About this task:
Return the entire listing, character for character.

Data below:
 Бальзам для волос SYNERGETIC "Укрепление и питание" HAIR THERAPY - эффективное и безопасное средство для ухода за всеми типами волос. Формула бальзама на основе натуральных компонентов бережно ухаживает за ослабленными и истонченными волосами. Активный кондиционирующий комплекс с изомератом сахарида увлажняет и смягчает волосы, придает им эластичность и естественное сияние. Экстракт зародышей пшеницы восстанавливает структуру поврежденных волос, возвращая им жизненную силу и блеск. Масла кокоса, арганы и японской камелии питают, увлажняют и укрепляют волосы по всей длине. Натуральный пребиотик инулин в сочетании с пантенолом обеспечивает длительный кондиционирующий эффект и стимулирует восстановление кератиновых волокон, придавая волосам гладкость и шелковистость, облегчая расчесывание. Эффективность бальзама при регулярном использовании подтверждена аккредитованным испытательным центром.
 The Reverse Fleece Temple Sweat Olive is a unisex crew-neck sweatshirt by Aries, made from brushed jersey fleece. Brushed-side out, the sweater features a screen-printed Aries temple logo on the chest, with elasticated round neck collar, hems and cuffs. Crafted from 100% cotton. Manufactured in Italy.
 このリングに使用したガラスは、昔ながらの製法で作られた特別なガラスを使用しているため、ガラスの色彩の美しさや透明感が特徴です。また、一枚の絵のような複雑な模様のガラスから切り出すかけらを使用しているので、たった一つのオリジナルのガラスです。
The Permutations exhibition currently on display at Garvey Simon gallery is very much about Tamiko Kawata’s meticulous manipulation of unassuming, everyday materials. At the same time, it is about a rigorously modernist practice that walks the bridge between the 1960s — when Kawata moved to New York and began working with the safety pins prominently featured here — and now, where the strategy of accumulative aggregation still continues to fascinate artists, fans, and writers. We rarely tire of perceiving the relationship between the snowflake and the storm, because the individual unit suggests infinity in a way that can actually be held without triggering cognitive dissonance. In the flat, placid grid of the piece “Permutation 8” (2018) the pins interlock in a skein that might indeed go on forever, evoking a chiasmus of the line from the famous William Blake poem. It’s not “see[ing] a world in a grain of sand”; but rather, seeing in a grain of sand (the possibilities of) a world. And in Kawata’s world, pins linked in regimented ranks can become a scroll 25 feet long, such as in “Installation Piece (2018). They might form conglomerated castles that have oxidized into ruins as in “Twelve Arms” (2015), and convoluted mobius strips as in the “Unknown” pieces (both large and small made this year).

Task answer:
 Бальзам для волос SYNERGETIC "Укрепление и питание" HAIR THERAPY - эффективное и безопасное средство для ухода за всеми типами волос. Формула бальзама на основе натуральных компонентов бережно ухаживает за ослабленными и истонченными волосами. Активный кондиционирующий комплекс с изомератом сахарида увлажняет и смягчает волосы, придает им эластичность и естественное сияние. Экстракт зародышей пшеницы восстанавливает структуру поврежденных волос, возвращая им жизненную силу и блеск. Масла кокоса, арганы и японской камелии питают, увлажняют и укрепляют волосы по всей длине. Натуральный пребиотик инулин в сочетании с пантенолом обеспечивает длительный кондиционирующий эффект и стимулирует восстановление кератиновых волокон, придавая волосам гладкость и шелковистость, облегчая расчесывание. Эффективность бальзама при регулярном использовании подтверждена аккредитованным испытательным центром.
 The Reverse Fleece Temple Sweat Olive is a unisex crew-neck sweatshirt by Aries, made from brushed jersey fleece. Brushed-side out, the sweater features a screen-printed Aries temple logo on the chest, with elasticated round neck collar, hems and cuffs. Crafted from 100% cotton. Manufactured in Italy.
 このリングに使用したガラスは、昔ながらの製法で作られた特別なガラスを使用しているため、ガラスの色彩の美しさや透明感が特徴です。また、一枚の絵のような複雑な模様のガラスから切り出すかけらを使用しているので、たった一つのオリジナルのガラスです。
The Permutations exhibition currently on display at Garvey Simon gallery is very much about Tamiko Kawata’s meticulous manipulation of unassuming, everyday materials. At the same time, it is about a rigorously modernist practice that walks the bridge between the 1960s — when Kawata moved to New York and began working with the safety pins prominently featured here — and now, where the strategy of accumulative aggregation still continues to fascinate artists, fans, and writers. We rarely tire of perceiving the relationship between the snowflake and the storm, because the individual unit suggests infinity in a way that can actually be held without triggering cognitive dissonance. In the flat, placid grid of the piece “Permutation 8” (2018) the pins interlock in a skein that might indeed go on forever, evoking a chiasmus of the line from the famous William Blake poem. It’s not “see[ing] a world in a grain of sand”; but rather, seeing in a grain of sand (the possibilities of) a world. And in Kawata’s world, pins linked in regimented ranks can become a scroll 25 feet long, such as in “Installation Piece (2018). They might form conglomerated castles that have oxidized into ruins as in “Twelve Arms” (2015), and convoluted mobius strips as in the “Unknown” pieces (both large and small made this year).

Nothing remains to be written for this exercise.